El llamado del presidente de Estados Unidos, Donald Trump, para que haya un cambio de régimen en Venezuela está levantando críticas en ambos lados del espectro político. La extrema izquierda está denunciando imperialismo; la extrema derecha se queja de falta de determinación.
AMHERST, Massachusetts —Este debate pasa por alto el que quizás sea el problema más serio de la nueva estrategia de Estados Unidos respecto a Venezuela: se deshace de los aliados que necesitan las fuerzas democráticas venezolanas, mientras que fortalece a los opositores internacionales. En otras palabras, hay un mal manejo de la coalición.
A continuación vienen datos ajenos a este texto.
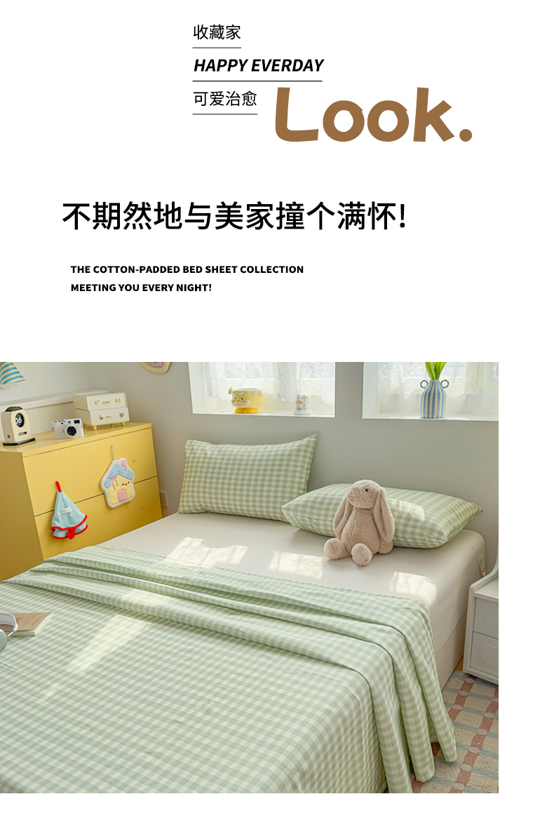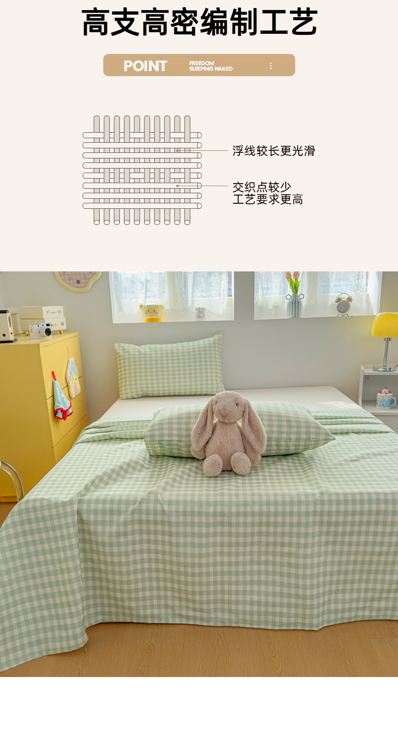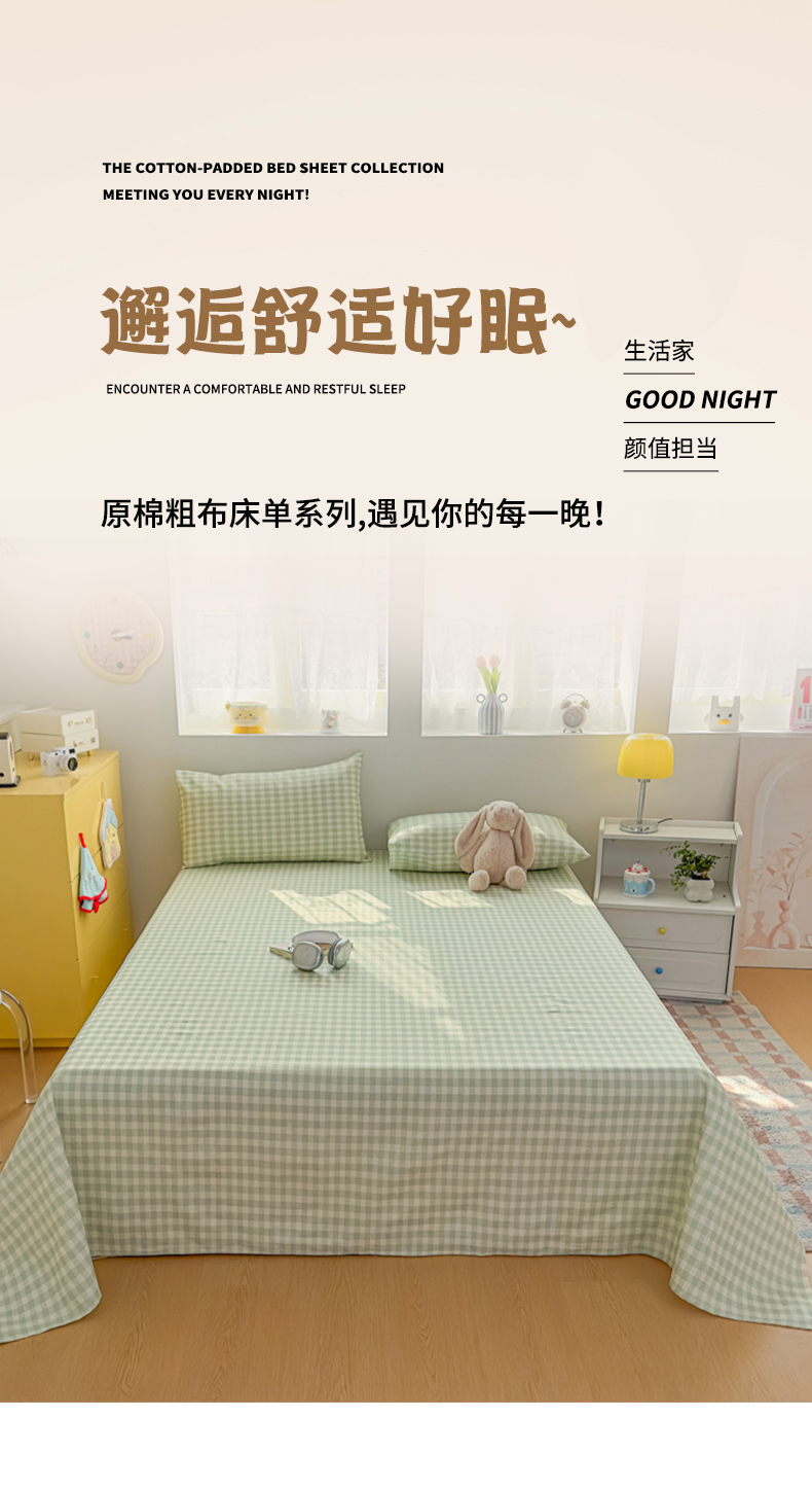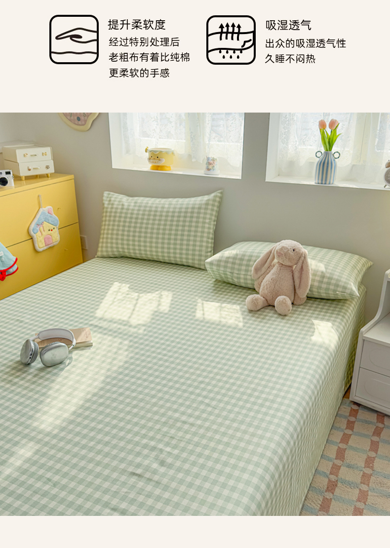 (总)爱彼家纺 2026新款无印格子分老粗布床单软凉席床单枕套三件套新升级细沙-格子系列一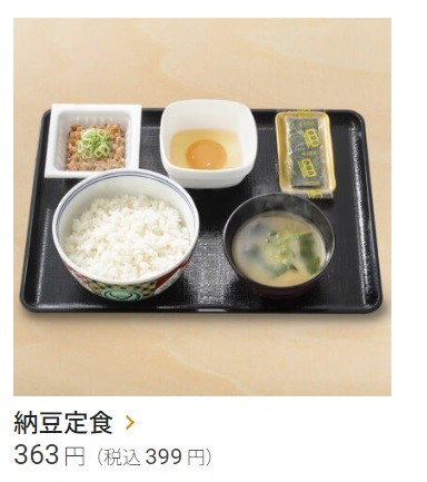 300円台の朝食メニューには、松屋の「牛小鉢朝定食」(380円)、すき家の「自社製ベーコンエッグ朝食」(390円)、吉野家の「納豆定食」(399円)などがある。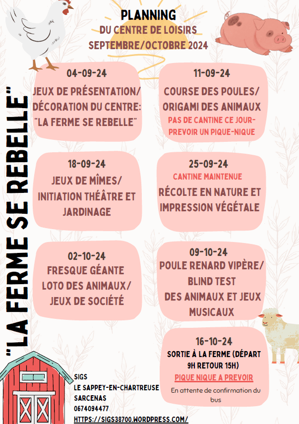 Aussi l’équipe tente de reprogrammer une sortie à la ferme de Saint-Germain, le mercredi 16 octobre. Nous reviendrons vers vous pour plus de précision.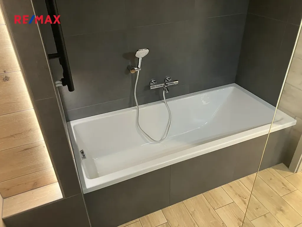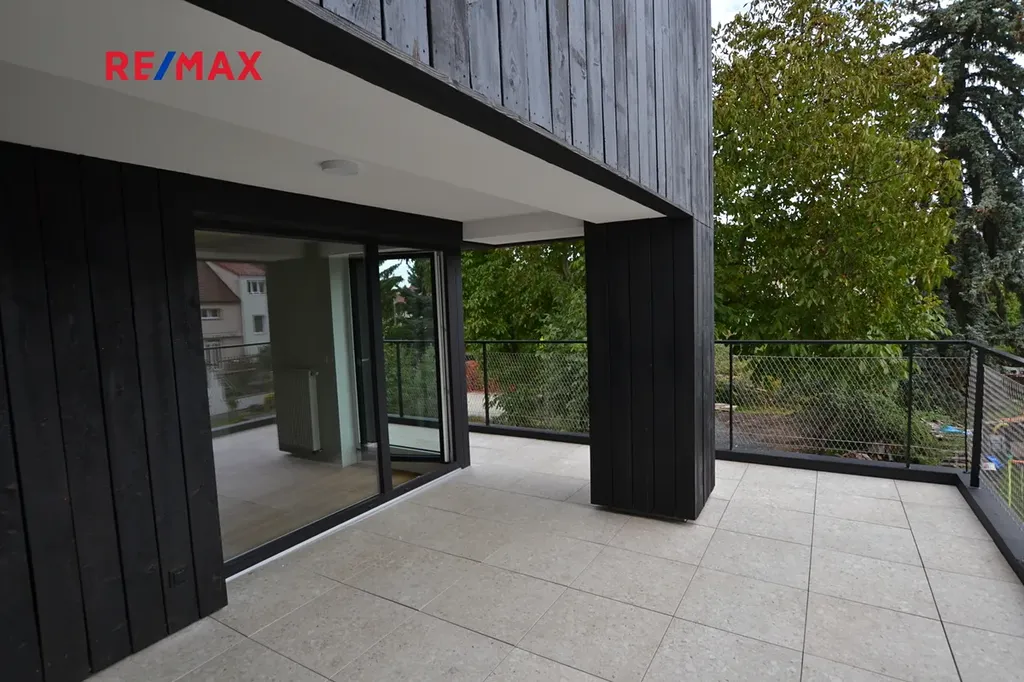 Byt čeká na svého prvního nájemce. Okna dvou pokojů a kuchyňského koutu jsou orientována na západní stranu, okna obývacího pokoje a ložnice s terasou na východní stranu do zahrady se vzrostlými stromy, kterou nájemce může využívat k relaxaci.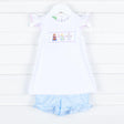 Is your little girl a big fan of these Ice Princess characters? She will adore our delightful ice princess short set! The white knit top features a hand-smocked ice princess design. The set includes light blue gingham shorts. Perfect for playtime fun, comfort, and cuteness!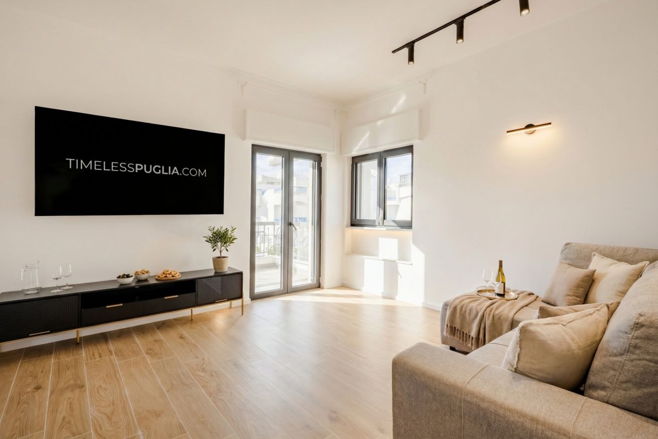Experience modern comfort in this bright, elegant apartment just 2 minutes from the sea and beaches. It features a spacious living room, fully equipped kitchen, two bedrooms, stylish bathrooms, and large windows with natural light. Enjoy the sea-view terrace, outdoor garden, and private parking on a gated driveway. Perfect for families or groups seeking comfort close to Bari’s main attractions.

La campaña ¡Manos fuera de Venezuela! argumenta que Estados Unidos está actuando en beneficio propio y que la intervención empeoraría las condiciones en el país. Por otra parte, los conservadores sostienen que la política estadounidense carece de fuerza. Al no intervenir de una forma más contundente, Estados Unidos está dejando a las fuerzas que luchan por la democracia en Venezuela desarmadas y vulnerables a la represión.
Ambos bandos sobrestiman su causa. Fue necesario que hubiera violaciones considerables a los derechos humanos, aunados a la presión continua de la oposición y los aliados internacionales, para que la política exterior de Estados Unidos hacia Venezuela pasara de la ambivalencia a un compromiso firme con la democracia. Por una vez, el gobierno de Trump está sustentando su política en hechos, y además ha llegado a entender que cuando un narco-Estado semifallido no tiene contrapesos —como quisieran los aislacionistas— los ciudadanos y los países vecinos son los más afectados.
Del mismo modo, es probable que los conservadores estén minimizando el poder de la nueva estrategia de Estados Unidos. El gobierno de Trump ha implementado sanciones que le han quitado una fuente importante de financiamiento al régimen de Nicolás Maduro, además de que ha ofrecido aligerar las sanciones a los oficiales del ejército que traicionen al dictador. Aunque todavía no se dan deserciones en masa, por primera vez desde que Maduro asumió el poder algunos oficiales están cambiando de bando para unirse a las filas del líder de la oposición, Juan Guaidó. Las deserciones son el primer paso hacia la transición democrática y, aunque hasta ahora han sido muchas menos de lo que Trump hubiera querido, han sido mucho más significativas de lo que los conservadores han querido aceptar.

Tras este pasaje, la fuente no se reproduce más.